With all the talk about a possible ‘Greexit’ doing the rounds, the Ministry of Finance (MoF) set up a taskforce to examine various scenarios. An exit could see investors fly to safe havens instead of risky assets, and that is bound to hurt India which is heavily dependent on foreign inflows. Not only would it cripple the stock market, but the rupee would also see more weakness.
Bruno Verstrate, CEO of Lakefield Partners, believes that Germany and the European Central Bank will do everything possible to forestall a Greece exit, but adds that the bigger problems are emerging from Spain and Italy. “The biggest worry is whether the contagion to Spain and Italy can be held under control because the ECB and Germany cannot afford to let Spain or Italy go,” he explained.
Gary Baker of BofA Merrill Lynch Global Research also says that Spain and Italy have snowballed into a bigger problem than Greece, and that they will influence global markets going forward.
Battle for Rashtrapati Bhavan
We have elections coming up at home as well, the Presidential polls, and this year they have taken a twist for the worst. The routine process suddenly blew up into a big affair after Trinamool Congress chief Mamata Banerjee and Samajwadi Party leader Mulayam Singh Yadav nominated APJ Abdul Kalam, Somnath Chatterjee and present Prime Minister Manmohan Singh for the post. This came after Mamata announced that the UPA’s candidates were Vice President Hamid Ansari and Finance Minister Pranab Mukherjee.
Today, however, the Sonia Gandhi led UPA announced Finance Minister Pranab Mukherjee as their leading candidate. Therefore he will be resigning from his Finance Ministry post soon. The government is already on the lookout for a replacement if he wins.
Ajay Bodke is of the view that the market is now starting to speculate on the presidential polls, and that it will be the third event that the market will looking forward to along with the RBI policy and the Greek results.
Dalal agrees, saying that “the market will wait to see if this realigns the political forces within Delhi and whether this will give us the next cause for any change in government performance on the economic front.”
Both believe there are a few candidates who are appealing and acceptable to the stock market who could take Mukherjee’s place as Finance Minister.
The battle for the post of President has revealed cracks in the coalition government, and some experts say we could see mid-term elections if the UPA’s candidate doesn’t win.
Future Tense for Market
Events lining up in the near-term might help boost the market, but on a macro level the situation is still relatively bleak. GDP continues to grow at a sticky pace, inflation stubbornly high, current account deficit at record highs and the rupee at record lows.
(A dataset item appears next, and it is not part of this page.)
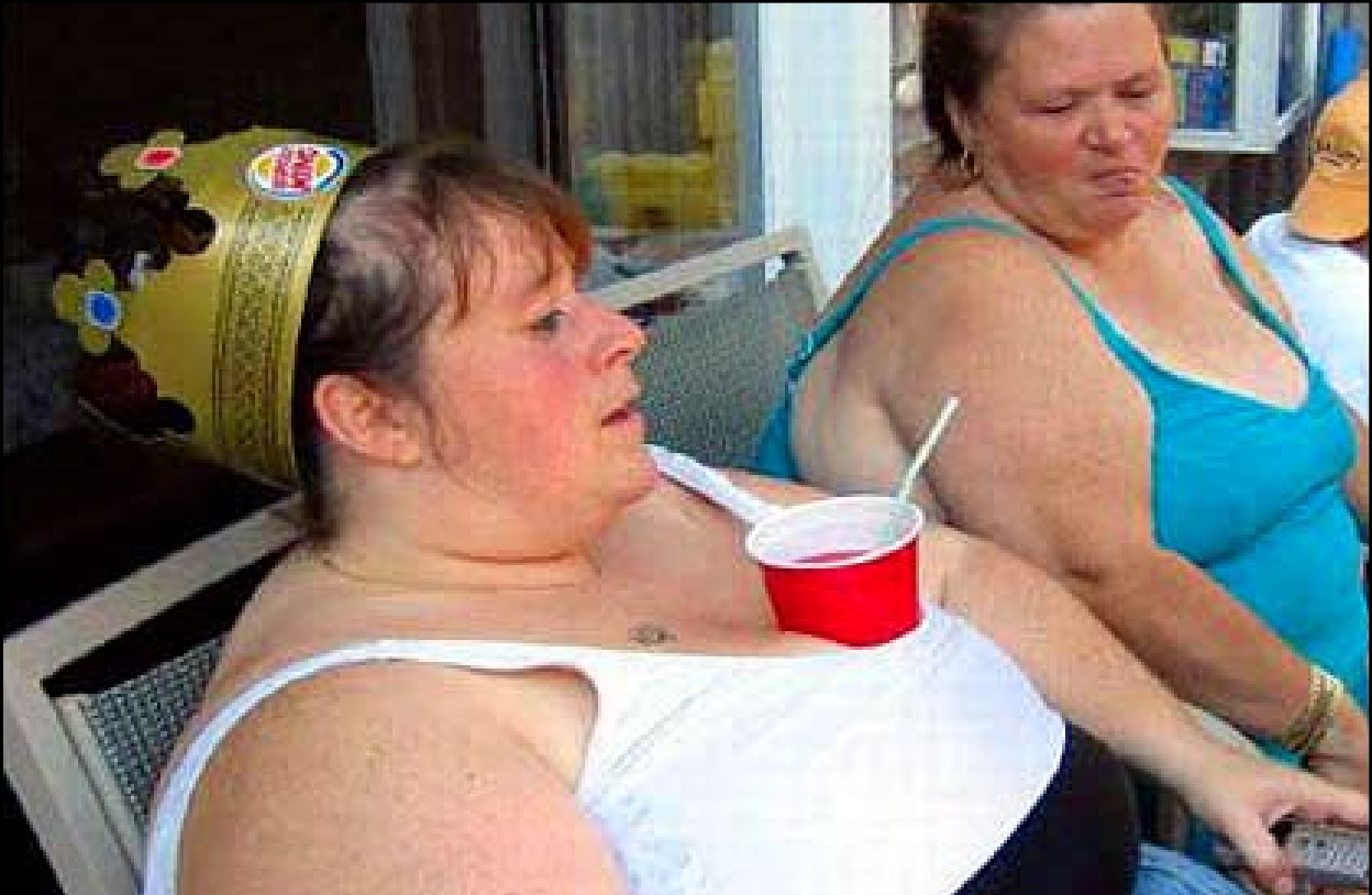
Redneck cup holder...

In such a scenario, investors are wary of entering risky assets because the risk-reward still looks unfavourable.
Amit Dalal sees the market stuck in a trading range over the medium-term. “The market will remain range bound for a while until we start seeing change in government policy, change in the basic fundamentals, whether it’s improvement in earnings or drop in inflation,” he said.
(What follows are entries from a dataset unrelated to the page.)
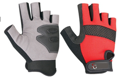
7 8 9 10 11 CCat.II
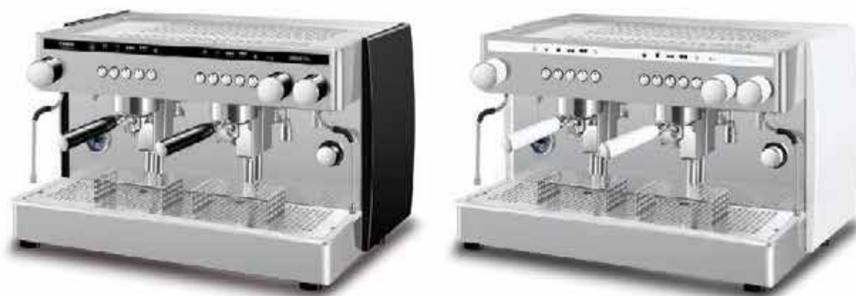
Saeco - Perfetta 2 Groups
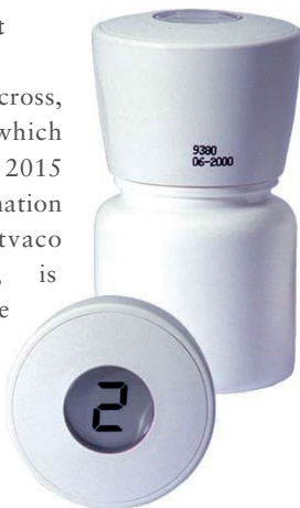
Figure 8: MEMSCap is a connected, child-resistant cap with integrated circuits that fits most standard pill vial sizes.

WestRock (Norcross, GA, US), which was formed in 2015 from a combination of MeadWestvaco and RockTenn, is developing a range of connected smart packaging for oral dosage forms. MEMSCap for example, is a connected, child-resistant cap with integrated circuits that fits most standard pill vial sizes and can record up to 3,800 dosing events (Figure 8).

His advice to investors is to ride the wave the RBI policy will give the market, but then book profit by the end of the next week. “I don’t think the RBI policy and the Greek elections have an ability to allow this market to go up much further,” he explained.
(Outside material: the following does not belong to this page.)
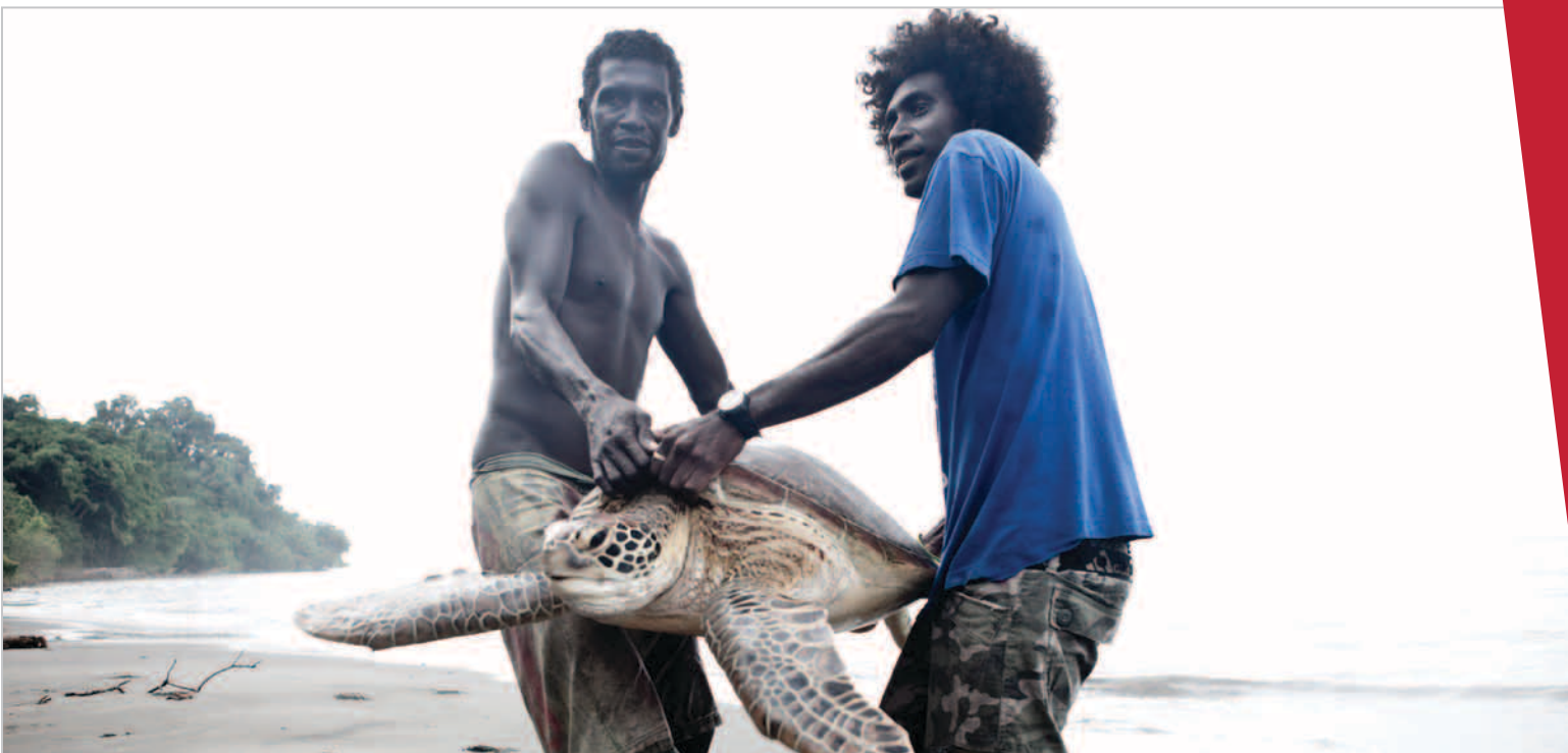
Two Solomon Islanders carry a green turtle up the beach for tagging on Tetapare.

Over the last two decades, the hotspot countries have developed National Biodiversity Strategies and Action Plans, and international civil society organizations have established conservation programs there. Significant investments in conservation have been made over this period but have not always delivered the expected results or left a legacy in terms of local capacity and appreciation of conservation objectives.

On a positive note, Dalal says the worst-case scenario wich people were looking at a while back, which is the market drifting down to 4500 levels, is off the table. He believes we will need to see major negatives to pull the Nifty down to the December lows once again.
The case for rejuvenation towards the middle or the end of the year remains strong, so his strategy is to look at any correction as an investment, and any leg up as an opportunity to book profits.